A snowstorm that stretches from New Mexico to New England is frustrating travelers at Portland International Airport (P-D-X). Chicago and Dallas- Fort Worth were the hardest hit. Kim Wright of Salem had her flight to Dallas-Fort @Worth delayed by ten hours. Several flights to Chicago have also been canceled due to the snowstorm there. Travel officials recommend you check with your carrier before heading out to the airport to catch your flight. Even flights in the west coast could be slowed due to the eastern storm.

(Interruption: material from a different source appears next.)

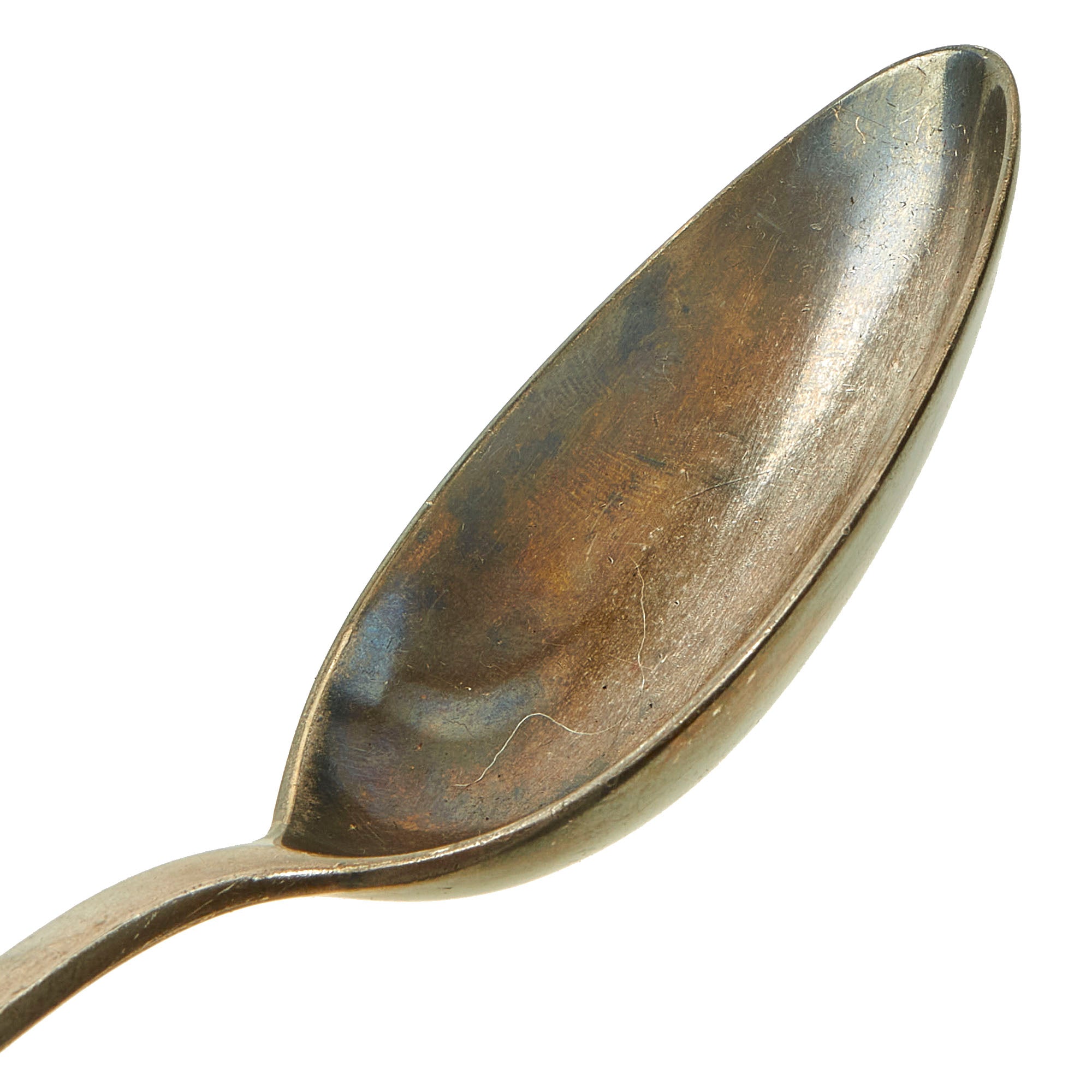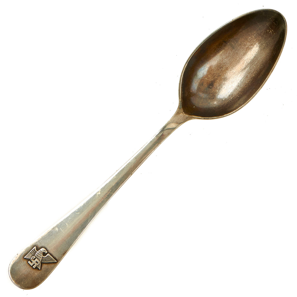 The serving spoon shows wear and swirling overall, with a lovely lightly tarnished patina overall. A very interesting piece of Third Reich memorabilia!

The Oregon State Hospital has posted a list of 3500 unclaimed cremated remains. Rebeka Gipson-King says the State has made some efforts to contact family in an effort to return the cremains but experienced difficultly finding relatives. The cremains are of people who died between 1914 and the 1970's while residing at any of the state's hospitals including Dammasch, Mid-Columbia, the Fairview Training Center or the State Penitentiary. The list is on the State hospital's website: click here.
The Port of Portland says it means a bright future for future trade and jobs. Four different road and rail projects will greatly increase capacity. Portland Congressman Earl Blumenauer says it's over $50 million in investments. The Port says vital to the projects being finished was cooperation between competing railway companies Burlington Northern and Union Pacific.
Oregon lawmakers return to the Capitol today faced with the job of balancing a budget that's $3.5 billion short. Republican Senator Bruce Starr says everything's on the table, including the Measure 11 mandatory minimum sentences. Starr says the priority for Senate Republicans is to create private sector jobs to pull the state out of its stalled economy. Also, today Governor Kitzhaber will deliver his budget to the Legislature.
The price of gas held almost steady last week. Triple-A's Marie Dodds says diesel in Oregon was unchanged at $3.49 a gallon. The unrest in Egypt is causing some crude oil futures to trade higher, but it doesn't look like it'll have an immediate impact on gas prices in the U.S. The average here in Bend is about $3.17 this week.
Jones Road, full road closure between Bennington Lane and NE Butler Market Road. May 18 – August 18, local access only.
Orion Drive closed in two locations for sewer work; at the intersection with Avery Lane and between Desert Woods Drive and King Hezekiah Way. From July 11 to Sept. 6. Detours marked.
Valhalla Sewer Relocation Project, Mt. Washington Drive at Shevlin Park Road intersection and North to Regency Street. Nighttime closures with detours marked during roundabout construction. Daytime closures for construction towards Regency Street. 7 p.m. – 7 a.m., July 11 – November.